Forum: Carrara


Subject: Making money off 3D design work...

ominousplay opened this issue on Apr 18, 2010 · 14 posts


pauljs75 posted Tue, 20 April 2010 at 8:25 PM

It seems if selling 3D models is the thing, there are two obvious approaches: the highball lotto (just need one person willing to spend that much) and then the lowball Wallmart approach (have bargain prices and hope for plenty of buyers). It's also reasonable to split the difference. The thing is that I've seen the quality differ too much even at different price points, so I can't honestly say it's directly a quality vs. quantity aspect. It seems more like you need to figure out a formula comparing experience in what the market will bear for similar items vs. your own reputation among potential buyers.

Now if you're doing custom one-off jobs and renders rather than selling 3D models to a general audience then the below comes into play:

The tool doesn't matter as much as how you are able to apply it. And there's been plenty of evidence that Carrara is capable as any. (The problems that come up on the business end is more of a hardware issue, and that has to do with rendertime vs. deadlines. Which can be hard when starting out if working with old stuff while the budget is too tight for computer upgrades. And this is true for any 3D software - even free ones like Blender.)
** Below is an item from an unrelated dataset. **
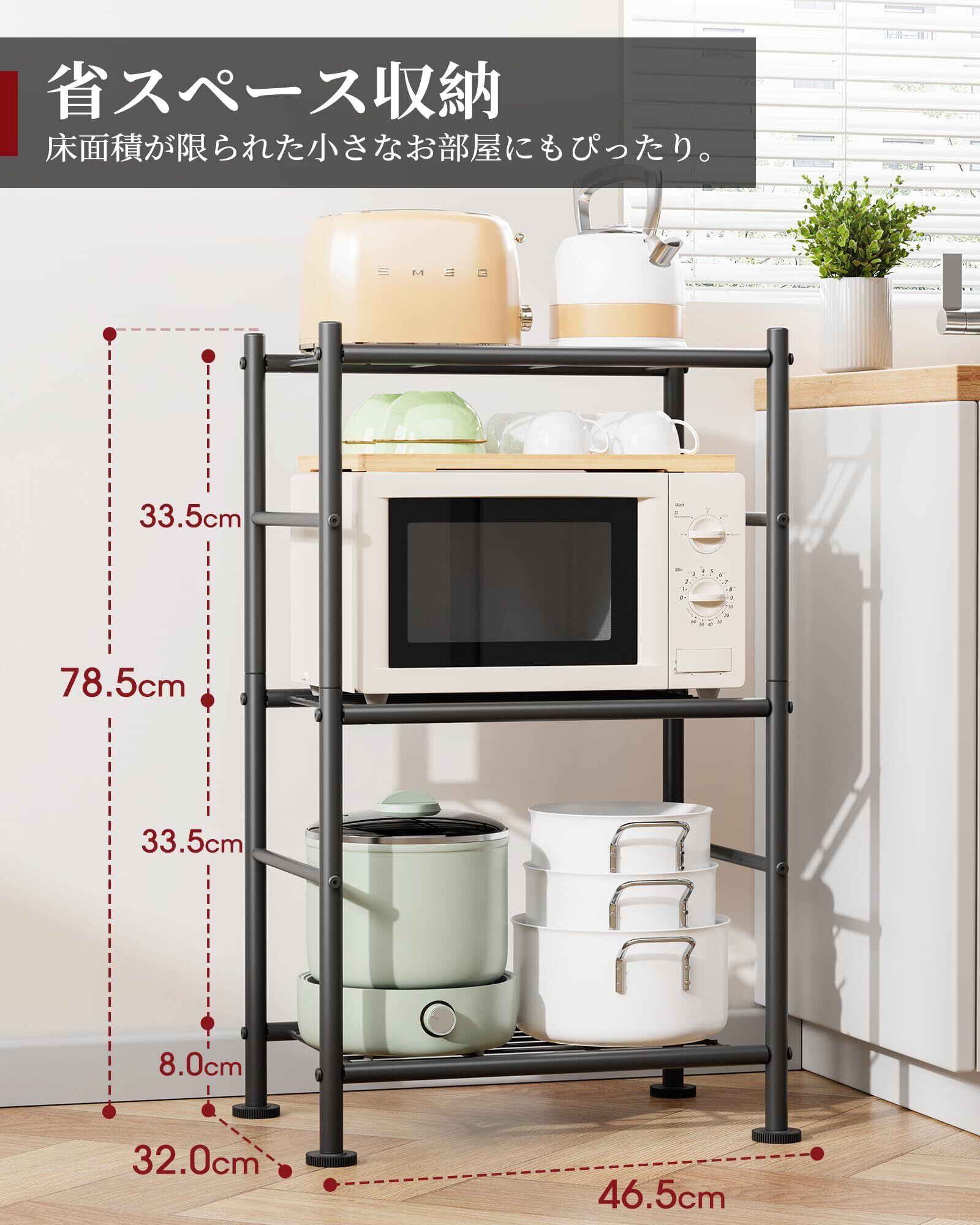 ✨長さ46.5cm、幅32cmのコンパクトなサイズでありながら、3層の棚を展開することで、限られたスペースを有効活用します。本や小物、キッチン用品など多様なアイテムをしっかりと収納できます。

(However, the thing about the tool isn't as true if you plan on working under somebody else's roof. A lot of companies have bought into industry marketing hype and put a lot of money into certain software and support packages, and want you to know how to use what they have despite how ugly and hairbrained the UI, workflow, or hardware requirements are. It means you're left out unless you can learn to use something that barely runs on your desktop computer because it fits somebody else's renderfarm pipeline. Sucks, but it's true.)

I think another aspect of it isn't just what you know, but who you know. It's very hard to do business if people keep blowing you off. And if you don't like doing cold-calls and such, that doesn't make it any easier. And since it seems more than competitive enough these days, the establsihed folks tend to stay mum when you ask for leads since they want to keep clients and don't want to risk their rep by association or having an upstart do too much undercutting. Unless you've got a friend who'd trust you with some clients or the luck to run into somebody with a glut of extra work they'd not mind handing off... (Or more likely, "problem" clients they're dumping.) It's tricky at best.

The hardest part of all is perhaps staying self motivated and keeping focus when little has happened. (Pretty much the ol' adages "Hang in there." and "Keep on keepin' on." etc, have some truth to them.) As an artist, this means figuring out how to keep the muse from going on vacation and taking the inspiration with her. And this is the time when you need make something worthwhile to put into a portfolio - and then there's figuring out what exactly to put into a portfolio, etc. This is because it's always good to have something to show once somebody responds. Afterall it only takes is one good client to recommend you to another client, etc. in order to get the ball rolling and helping you achieve critical mass in the business sense.

You could probably tell that I'm on the "hanging on by a thread" end of the spectrum, but I try to stay positive. You'll have to keep the day job until you get that break or two. Persistence means not giving up when other's have shown that it's possible.